Department of Medicine, National Jewish Health, Denver, CO, 80206, USA; Department of Medicine, University of Colorado School of Medicine, Aurora, CO, 80045, USA.
Department of Medicine, National Jewish Health, Denver, CO, 80206, USA.
Tuberculosis (Edinb). 2023 Jan;138:102276. doi: 10.1016/j.tube.2022.102276. Epub 2022 Nov 17.
Nontuberculous mycobacteria (NTM) are opportunistic pathogens that affect a relatively small but significant portion of the people with cystic fibrosis (CF), and may cause increased morbidity and mortality in this population. Cultures from the airway are the only test currently in clinical use for detecting NTM. Culture techniques used in clinical laboratories are insensitive and poorly suited for population screening or to follow progression of disease or treatment response. The lack of sensitive and quantitative markers of NTM in the airway impedes patient care and clinical trial design, and has limited our understanding of patterns of acquisition, latency and pathogenesis of disease. Culture-independent markers of NTM infection have the potential to overcome many of the limitations of standard NTM cultures, especially the very slow growth, inability to quantitate bacterial burden, and low sensitivity due to required decontamination procedures. A range of markers have been identified in sputum, saliva, breath, blood, urine, as well as radiographic studies. Proposed markers to detect presence of NTM or transition to NTM disease include bacterial cell wall products and DNA, as well as markers of host immune response such as immunoglobulins and the gene expression of circulating leukocytes. In all cases the sensitivity of culture-independent markers is greater than standard cultures; however, most do not discriminate between various NTM species. Thus, each marker may be best suited for a specific clinical application, or combined with other markers and traditional cultures to improve diagnosis and monitoring of treatment response.

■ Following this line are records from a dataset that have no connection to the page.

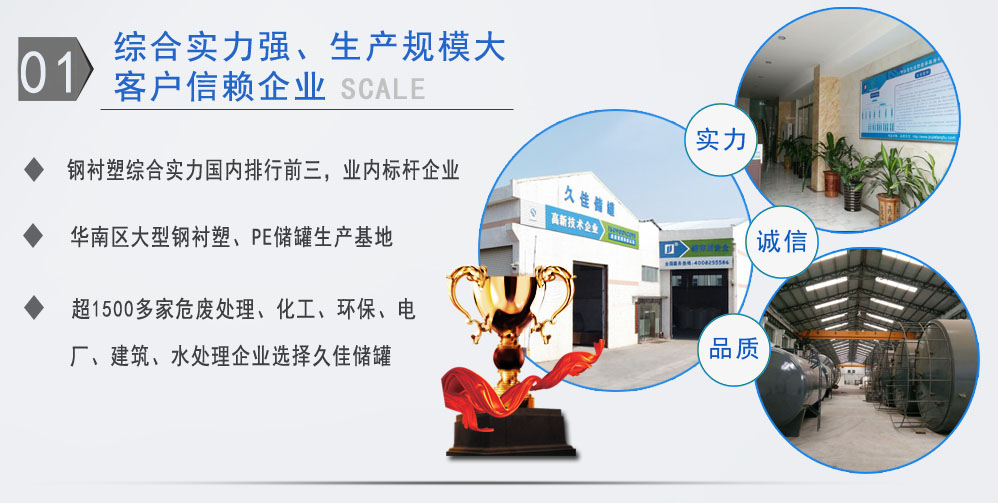 公司有鋼襯塑PE/PO、PE全塑、碳鋼、不銹鋼四大系列100多個品種,專注于常壓儲存容器生產(chǎn),其產(chǎn)品包括鋼襯塑儲罐管口一體成型PE儲罐碳鋼儲罐不銹鋼儲罐、反應(yīng)釜、攪拌罐、離子交換柱、鋼襯PE/PO儲罐塑料儲罐鹽酸儲罐硫酸儲罐等等。更大限度滿足廣大客戶的各種需求,同時可以根據(jù)客戶的需要加工定制各種防腐設(shè)備。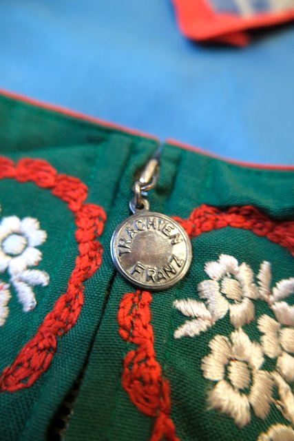 ドイツ南部からオーストリアチロル地方にかけての民族衣装ディアンドル エレガントでカラフルな刺繍にコイン付きファスナーが魅力的なヴィンテージチロルワンピース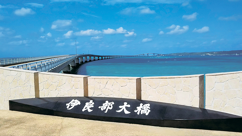 橋名の看板の後ろに延びるのが、県産のフライアッシュコンクリートを採用した初の海上橋「伊良部大橋」。全長3540メートル、通行料を徴収しない橋では日本一長い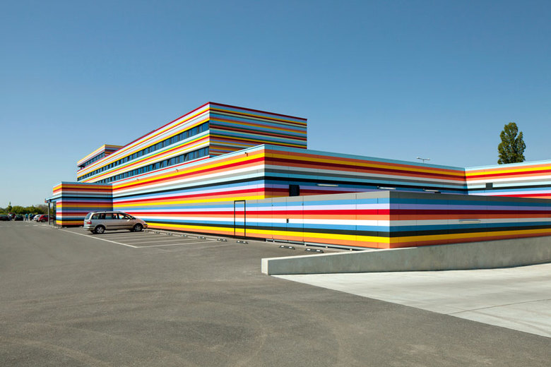 Now facade types were explored - monolithic, unitized, collage (glass + concrete) structures, colors, reflective, etc. A decision was made in favor of a horizontal disposition, which are synchronized which the bands of windows. Planning process required a flexible facade concept – it would be a way to unify the actual appearance of the building previously described as basic geometries: a jumpsuit made ​​of steel panels with defined, summarizing color code. The system is modular and adaptable in the design + construction and the color creates unifies the whole building, it is robust, reversible and affordable.

非结核分枝杆菌(NTM)是一种机会性病原体,会影响到相对较小但具有重要意义的一部分囊性纤维化(CF)患者,并可能导致该人群的发病率和死亡率增加。气道中的培养物是目前用于检测 NTM 的唯一临床检测方法。临床实验室使用的培养技术不敏感,不适合用于人群筛查或监测疾病进展或治疗反应。气道中缺乏敏感和定量的 NTM 标志物,阻碍了患者的护理和临床试验设计,也限制了我们对疾病获得、潜伏和发病机制模式的了解。NTM 感染的非培养标志物有可能克服标准 NTM 培养的许多局限性,特别是由于需要进行去污处理而导致的生长非常缓慢、无法定量细菌负荷以及灵敏度低等局限性。在痰液、唾液、呼吸、血液、尿液以及影像学研究中已经鉴定出一系列标志物。用于检测 NTM 存在或向 NTM 疾病转变的拟议标志物包括细菌细胞壁产物和 DNA,以及宿主免疫反应标志物,如免疫球蛋白和循环白细胞的基因表达。在所有情况下,非培养依赖性标志物的灵敏度都高于标准培养;然而,大多数标志物并不能区分各种 NTM 物种。因此,每个标志物可能最适合特定的临床应用,或与其他标志物和传统培养相结合,以改善诊断和监测治疗反应。